The Bill Of Rights
The United States Constitution has been called a living document because it can be changed in two ways: formal amendment, and information adjustments and decision making. On September 25, 1789, the First Congress of the United States submitted 12 amendments to the state legislatures for ratification. The first two concerned each state’s representative’s number of constituents, and congressmen’s compensations, but they were not ratified. In 1791, three-fourths of the state legislatures quickly ratified Articles 3 to 12, which constitute the Bill of Rights.
The amendments, inspired by Thomas Jefferson and drafted by James Madison, placed fundamental restraints on the power of the federal government over ordinary citizens: Congress cannot limit free speech, even unpopular expression, or interfere with religion; deny the people the right to keep and bear arms; require the quartering of troops in private homes; or allow homes to be searched by federal authorities without search warrants. Persons accused of federal crimes cannot be made to testify against themselves; nor can the federal government deny citizens trial by jury; or deprive them of life, liberty, or property without due process of law. The central government cannot impose excessive bail or cruel and unusual punishments. Rights in the Constitution are not exhaustive; people have all the rights not listed; and those powers not given to the federal government or denied the states should belong solely to the states or the people.
The Bill of Rights protected citizens from abuses of the federal government only, not from unfair state laws. In 1868, the Fourteenth Amendment was added to the Constitution. It provided that no state may deny its citizens either due process of law or equal protection of the laws. In the beginning of the 20th century, the Supreme Court used the due process clause of the Fourteenth Amendment to expand the protections of the first ten amendments. Therefore, the Bill of Rights now applies to state as well as federal laws.
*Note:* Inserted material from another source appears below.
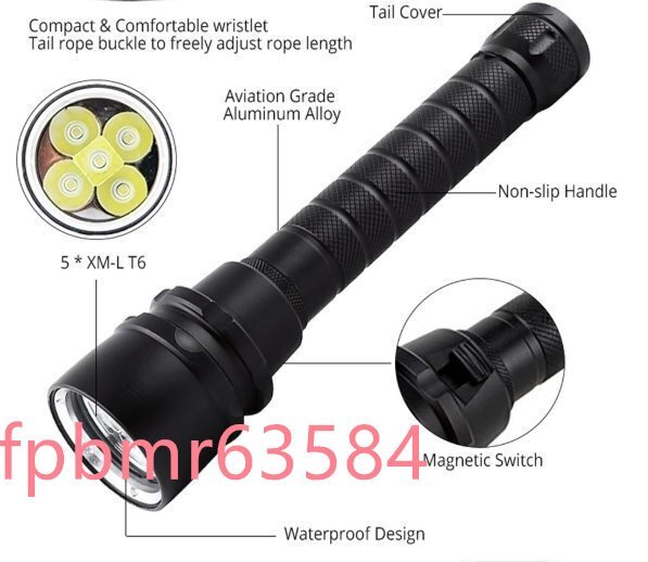 懐中電灯 ダイビング 5×T6 ダイビングライト トーチ★ 潜水 スキューバ 水中 防水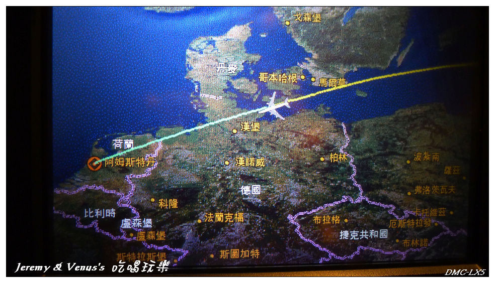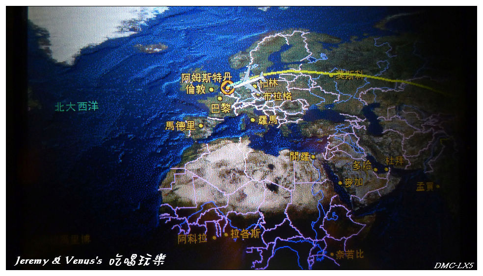12個小時的飛行時間,不一樣的是荷航選擇從北邊飛,越過中國,沿著俄羅斯飛往歐洲

Although the Constitution has been amended twenty-seven times, the framing of the Bill of Rights was in itself one of the most momentous actions of any Congress, with regard to amending the Constitution, in the nation’s history. Never before had any single document enumerated so clearly and emphatically the rights of private citizens. The Bill of Rights has become a landmark in the history of human liberty.
English Bill Of Rights
The English Bill of Rights is an Act passed by parliament of England in 16th December, 1689. It is a bill that
- Creates separation of powers
- Bolsters freedom of speech
- Enhances democracy and democratic elections and
- Limits the powers of the queen and the king
After a glorious revolution in England, Mary and William had already agreed to accept the Bill of Rights even before they were sworn in as king and queen of England.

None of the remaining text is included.